Another aspect of the movie which suffered was its historical accuracy. Through much of the movie, I had no sense of the timeframe in which it was happening. I also had no sense it started during part of WWI. I also felt lost in terms of place. It just felt vaguely European, and not so French. In real life, the couple spent a lot of time in Paris during the 1920s with a few travels to the countryside and Capri, an Italian island with a reputation for having a few clusters of lesbians and gay men. Much of Gerda’s artwork appeared in popular magazines, such as Vogue and La Baïonette, as well as some dirty rags, such as La Vie Parisienne. The two of them would have enjoyed rubbing elbows with some of our worlds most highly regarded artists and writers of the “Lost Generation”. Gerda and Lili (as Einar) even exhibited in the Salon d’Automne.

Lili, Paris c. 1926
Gerda Wegner’s cover art for the April 4 1918 issue of La Baïonnette, a French weekly satire magazine
The Dancer, c. 1930 by Gerda Wegner

When the movie portrays Lili and Gerda’s relationship, it presents a very sparse picture. It presents a tired and boring view of the couple, especially for a movie that mostly takes place among artists in the Left bank of Paris in the 1920s. The dances they appeared at in the movie were probably a far cry from the balls and parties they actually would have gone to in the 1920s.

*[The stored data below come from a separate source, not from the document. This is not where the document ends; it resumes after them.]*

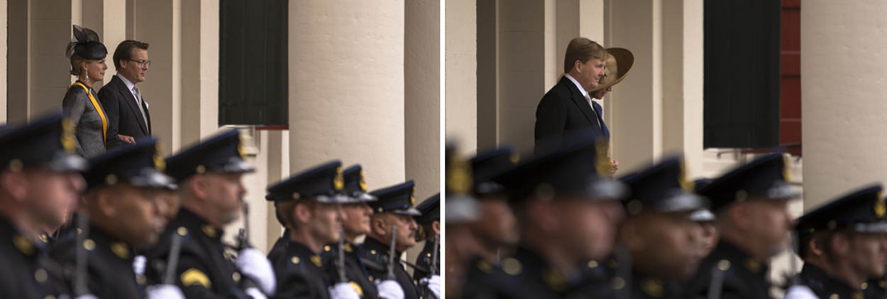 Links vertrek van prins Constantijn en prinses Laurentien, rechts koning Willem-Alexander en prinses Máxima.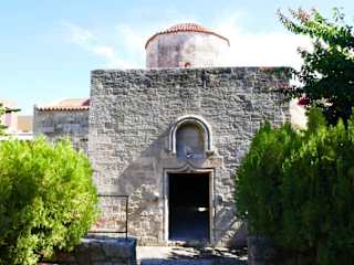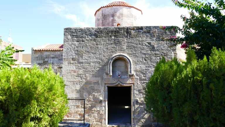 In der Straße Ippodamou liegt diese kleine schön erhaltene Kirche. Bei unserem Besuch hatten wir den Eindruck, daß die Kirche auch schon einmal als Moschee diente, jetzt aber als Museum dargestellt war. In ihr konnte man sehr gute Fresken bestaunen, auch von der Insel Kos, die jedoch auf einer Leinwand gemalt waren. Hinter der Kirche gibt es einen netten Garten. Wir konnten die Kirche nur mit dem Ausweis betreten, daß wir eine doppelte Impfung hatten.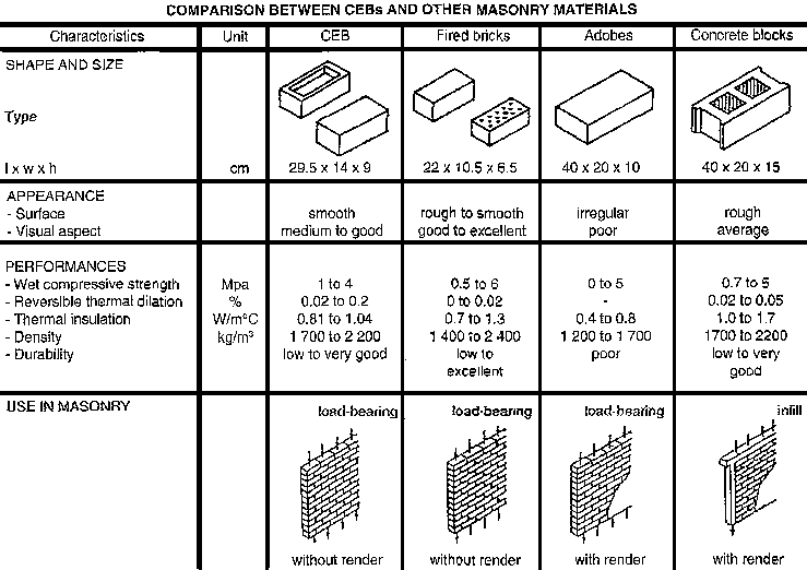 Whilst meeting the same requirements as other present-day building materials, the CEB also presents a technological alternative to imported materials, the use of which is often justified because of the need for standardisation. CEBs have the advantage of being produced locally, whilst still meeting this need.

Photo of a costume ball in an artists studio, c. 1920s, photo of a photo in Kiki’s Paris: Artists and Lovers 1900–1930

There could have been so much more depth and exploration of their relationship as a queer couple. There could have been more focus on how Lili, when presenting as Einar, was always feminine and how that was an underlying factor in their relationship working — especially considering Gerda’s interest in depicting women and their relationship the way she did. They could easily have been in a relationship much more akin to a lesbian relationship. Instead, it’s been hetero-washed and confused.

Lili and Elna Tegner at a carnival, probably c. early 1920s

Somehow, this movie partially confused gender dysphoria with a transvestic fetish. For those unfamiliar with the term dysphoria, it is an intense unease. So gender dysphoria would be an intense unease about the gender one was assigned at birth. This movie would be so much better if it focused on how natural being in a certain kind of clothing and social context was for Lili. It could have focused on how Lili’s transition was really a process of bringing other people’s perceptions of her into alignment with her own identity. Instead, it focused on the sensuality of putting on women’s clothing and how easily Eddie Redmayne could reach an orgasm while dressed up.

One must understand that, from a transgender person’s perspective, the change in identity is really more of something people around them experience because their own identity is already different than how others perceive their identity. There’s also possibly such deep dysphoria of one’s own anatomy that sex may not even be pleasurable. Also there is the process of acculturation to social expectations of women— however, that is something some transgender people may have already learned and may already be a part of the cause for the unease in the gender assigned at birth.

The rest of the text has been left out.